Requires-Dist: black>=22.0; extra == "dev"
Requires-Dist: flake8>=4.0; extra == "dev"

# ParylationPredictor

**ParylationPredictor** predicts PARylation (poly-ADP-ribosylation) sites in proteins and detects PAR-binding domains. You give it a UniProt ID — it gives you publication-quality figures, a formatted Excel file, an interactive HTML report, and structured data exports, all in one command.

> Developed by the [Hashemi Gheinani Lab](https://www.dbmr.unibe.ch/research/research_programs/hashemi_gheinani_lab/index_eng.html), Department of BioMedical Research, University of Bern.

---

## The quickest way to try it — no installation needed

Go to **[gheinani.github.io/parbm-detector/tool.html](https://gheinani.github.io/parbm-detector/tool.html)**, type your UniProt ID (for example `Q9NTX7`), and click **Analyze**. All 8 analysis panels appear in the browser and you can download a ZIP with the full results. No Python, no installation, no command line.
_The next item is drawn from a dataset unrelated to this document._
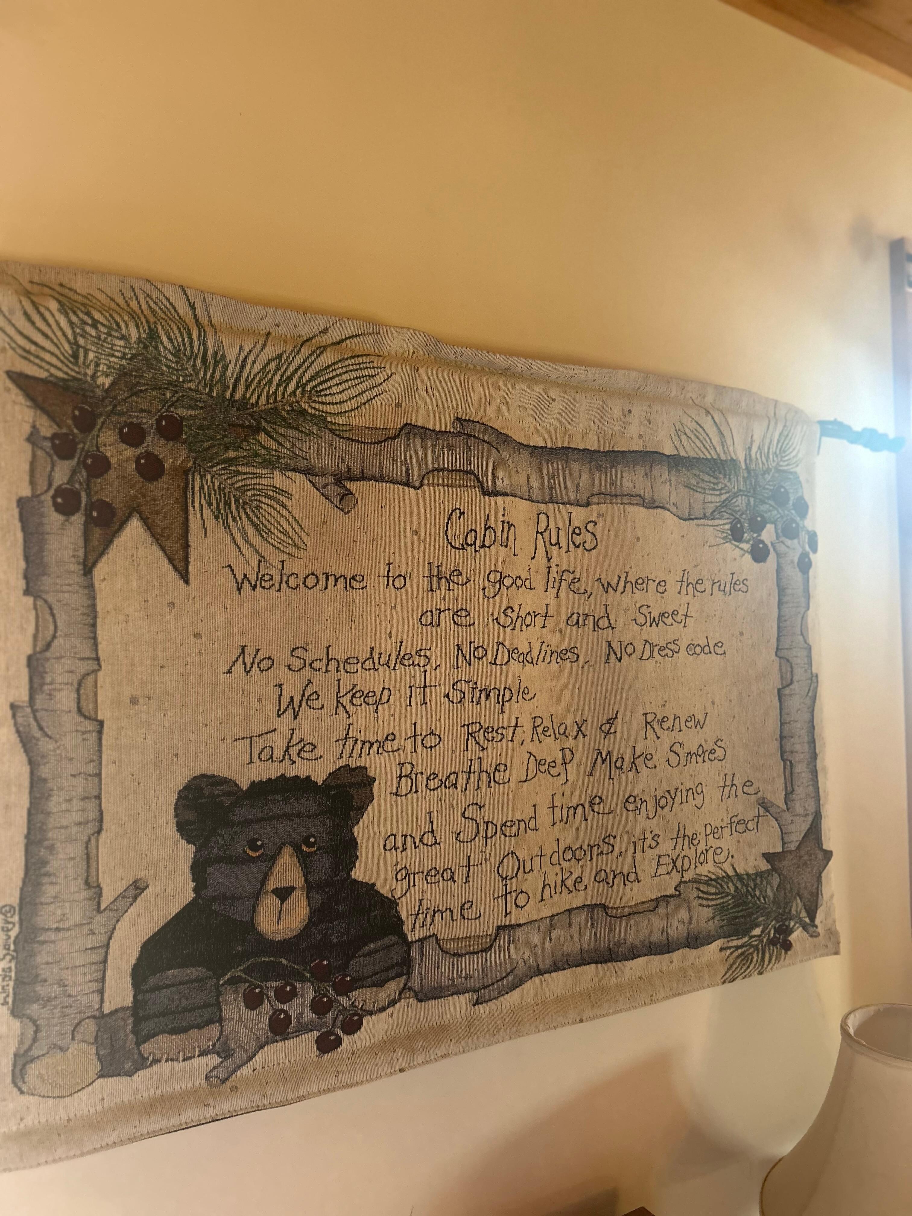 This cabin offers a full bathroom with tub/shower between the kitchen and the master King bedroom on the main level. There is a Smart TV and fireplace in the living room. Cozy up by the fire and watch your favorite shows on the streaming services, including SlingTV! There's a dining table for 6, full kitchen with microwave, dishwasher, and drip style coffee maker.

**Use the Python package when you need:**
- Batch analysis of many proteins at once
- Full Excel workbook output with formatted sheets
- The complete 8-panel composite figure as PNG/PDF/SVG for a paper

---

## Installing and running the Python package

### What you need before starting

- A Mac or Windows PC
- Python 3.8 or newer already installed (see below if you are not sure)
- An internet connection

You do **not** need to know how to program. You only need to type a few commands exactly as written.

---

### Step 0 — Check that Python is installed

**On Mac:** open the **Terminal** application.
- Press `Command + Space`, type `Terminal`, press Enter.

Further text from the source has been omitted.